En outre, Amnesty International a mis en évidence des violations commises par l’armée égyptienne, dont l’utilisation de chasseurs F-16 produits par les États-Unis pour larguer des bombes à sous-munitions dans le nord du Sinaï, au début de l’année. L’organisation a également établi que, en 2017, l’armée égyptienne avait retenu au moins deux hommes non armés dans des véhicules blindés Humvee produits par les États-Unis avant de les abattre.

Le Secrétariat général de la défense et de la sécurité nationale a refusé de répondre aux demandes d’information d’Amnesty International France concernant le volume et la nature exacts des exportations, invoquant les lois relatives à la protection du secret et affirmant que les blindés MIDS ne faisaient l’objet d’aucun contrôle à l’exportation au titre du dispositif encadrant les équipements militaires comme de celui sur les biens à double usage. Le constructeur des Sherpa et des MIDS a en revanche déclaré que l’exportation de tous les véhicules était soumise au régime de contrôle des exportations du ministère de la Défense.

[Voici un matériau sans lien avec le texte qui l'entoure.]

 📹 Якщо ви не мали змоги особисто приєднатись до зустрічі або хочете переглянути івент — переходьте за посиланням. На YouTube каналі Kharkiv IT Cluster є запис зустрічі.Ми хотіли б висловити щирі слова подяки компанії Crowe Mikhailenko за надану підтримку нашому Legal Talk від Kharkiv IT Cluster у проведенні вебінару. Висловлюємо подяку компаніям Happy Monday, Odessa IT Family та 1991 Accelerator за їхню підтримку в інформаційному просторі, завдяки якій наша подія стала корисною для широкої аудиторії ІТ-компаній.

« En tant qu’État partie au Traité sur le commerce des armes, la France ne doit pas autoriser de transferts d’armes s’il existe un risque substantiel que ces armes puissent être utilisées pour commettre ou faciliter des violations graves du droit international relatif aux droits humains, a déclaré Najia Bounaim.

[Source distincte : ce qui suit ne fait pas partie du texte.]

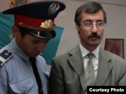 Сотрудник полиции производит арест правозащитника Евгения Жовтиса в зале суда. Баканас, 3 сентября 2009 года. Фото предоставлено газетой "Свобода слова".

« Tant que les autorités égyptiennes n’auront pas montré de façon crédible qu’elles ont enquêté sur les cas d’utilisation abusive relevés dans le passé, la France et les autres États fournisseurs devraient suspendre le transfert de toutes les armes présentant un risque de servir à commettre des violations des droits humains. Ils veilleront ainsi à ne pas se rendre complices de graves atteintes aux droits fondamentaux, tout en faisant savoir clairement et sans ambiguïté aux autorités égyptiennes que la répression brutale de l’opposition d’une part et l’impunité d’autre part ne sauraient en aucun cas être tolérées. »

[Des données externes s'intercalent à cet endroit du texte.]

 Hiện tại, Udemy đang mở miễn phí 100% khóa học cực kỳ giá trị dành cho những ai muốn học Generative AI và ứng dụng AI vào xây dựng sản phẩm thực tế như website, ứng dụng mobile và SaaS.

En tant qu’État partie au Traité sur le commerce des armes, la France ne doit pas autoriser de transferts d’armes s’il existe un risque substantiel que ces armes puissent être utilisées pour commettre ou faciliter des violations graves du droit international relatif aux droits humains.
Najia Bounaim, Amnesty International

Au vu des violations graves et systématiques des droits humains commises en Égypte, Amnesty International engage la France à cesser immédiatement tout transfert dès lors qu’il existe un risque substantiel que les armes livrées soient utilisées pour commettre ou faciliter de graves atteintes aux droits humains sur le territoire égyptien. Aucun transfert ne doit être autorisé tant que l’Égypte n’a pas mené d’enquêtes efficaces et indépendantes sur les violations graves commises par les forces de sécurité, ni amené celles-ci à rendre des comptes.

Complément d’information

Dans les conclusions publiées en août 2013 par le Conseil des affaires étrangères de l’UE, les États membres de l’UE ont convenu à l’unanimité de suspendre les licences d’exportation vers l’Égypte de matériel utilisé à des fins de répression interne. Or, près de la moitié d’entre eux pourrait avoir enfreint cette décision, prise à l’échelle de l’UE, de suspendre les transferts d’armements à destination de l’Égypte. Les pays de l’UE qui, depuis 2013, livrent à l’Égypte des armes du type de celles susceptibles de servir à la répression interne, par l’intermédiaire d’activités d’exportation ou de courtage, sont les suivants : Allemagne, Bulgarie, Chypre, Espagne, France, Hongrie, Italie, Pologne, République tchèque, Roumanie, Royaume-Uni et Slovaquie.

Plusieurs types d’équipements, armes légères, matraques, gaz lacrymogènes et véhicules blindés notamment, ont été employés à plusieurs reprises pour réprimer l’opposition. Au vu également des informations rassemblées par Amnesty International sur plusieurs cas d’utilisation de F-16 américains, le doute est jeté quant à la faculté de l’armée de l’air égyptienne à opérer en respectant les restrictions du droit international relatif aux droits humains et, le cas échéant, du droit international humanitaire. Parmi les incidents graves recensés figurent des frappes aériennes en Libye et l’utilisation de bombes à sous-munitions dans le Sinaï en 2018.